An Evaluation of Behavioral Skills Training for Teaching Caregivers How to Support Social Skill Development in Their Child with Autism Spectrum Disorder.
Clinic BST gives parents accuracy, but you must coach them at home before they will use social-skills strategies in daily life.
01Research in Context
What this study did
Hassan et al. (2018) taught parents of children with autism how to run social-skills lessons at home.
The team used Behavioral Skills Training: explain, model, practice, and feedback.
Parents first mastered the steps in a clinic room. The study then added in-situ training—coaching during real meals and play—to see if skills would transfer.
What they found
Every parent hit mastery during clinic BST. Still, they did not use the skills at home until the trainer coached them in their living room or kitchen.
Only after that real-life coaching did the parents’ social-skills teaching stick, and child social behaviors rose.
How this fits with other research
Dogan et al. (2017) showed that brief BST alone can turn parents into solid social-skills trainers. Mahfuz adds a warning: without in-situ coaching, those shiny clinic skills may stay locked in the clinic.
Falligant et al. (2025) repeated the pattern with preschool staff. Group BST plus brief in-situ feedback was needed before teachers used incidental teaching on the floor.

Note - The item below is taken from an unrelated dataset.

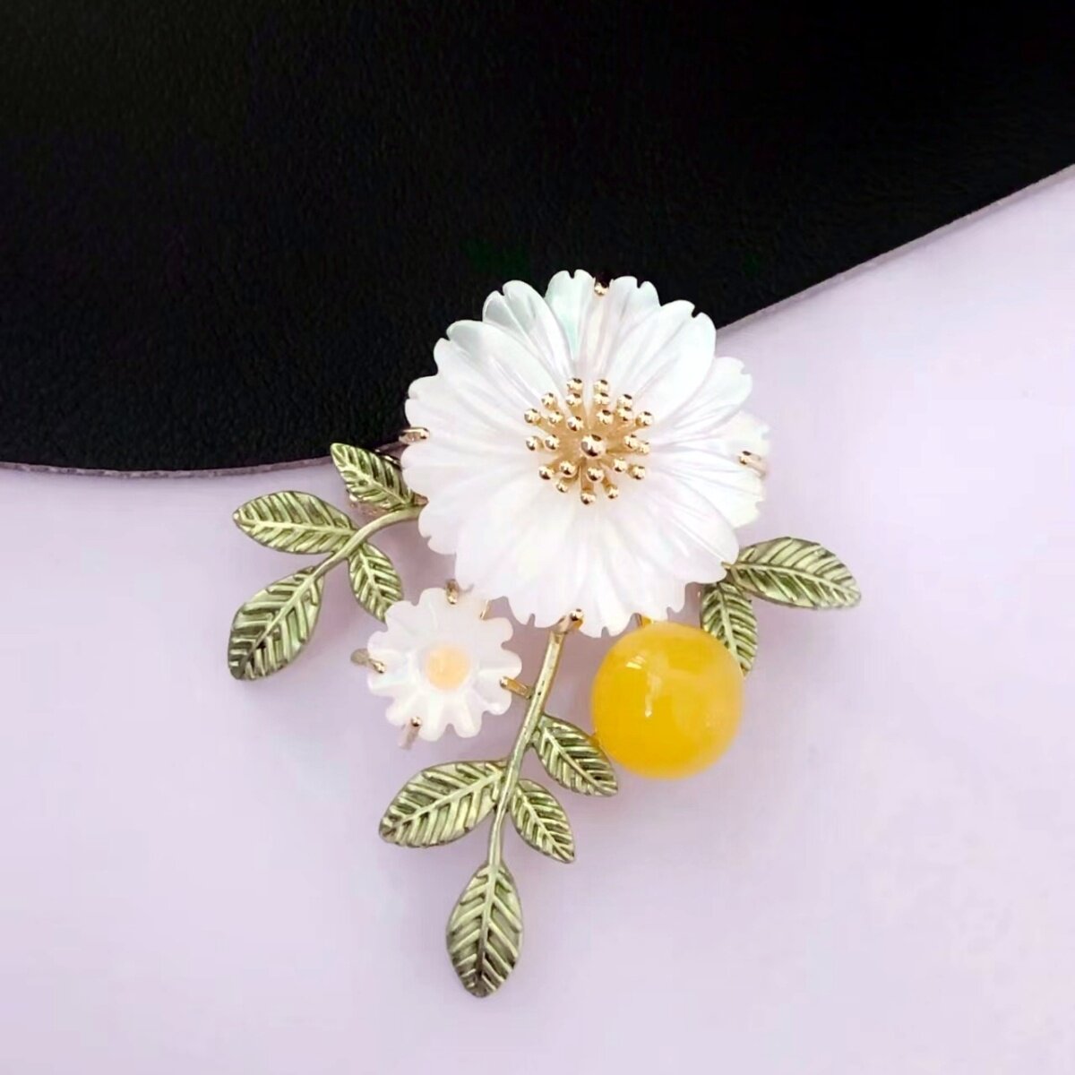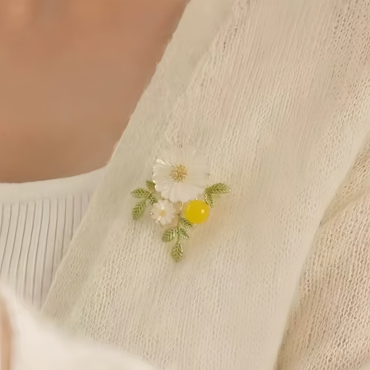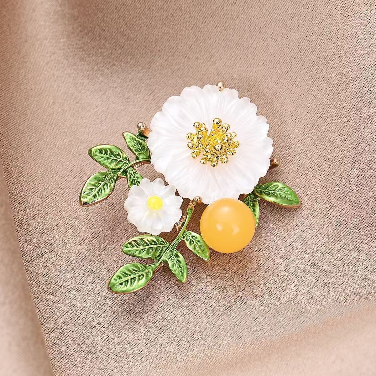 淘宝新款百搭绿叶胸针雏菊胸花高级气质轻奢小香风胸针送妈妈生日礼物

McMillan et al. (1997) saw the same leak with deaf preschoolers. Social skills trained in one room vanished in new rooms until the team added multiple people, places, and reinforcers. Together, the four studies form a clear rule: BST creates accuracy, but generalization needs extra layers—either in-situ coaching or built-in multiple exemplars.
Why it matters
If you train caregivers, plan for two phases. First, use BST until they nail the steps in your office. Then go to their home, park, or diner and coach in the real place. Budget that second trip up front; without it, you may see perfect role-play but zero real-world change.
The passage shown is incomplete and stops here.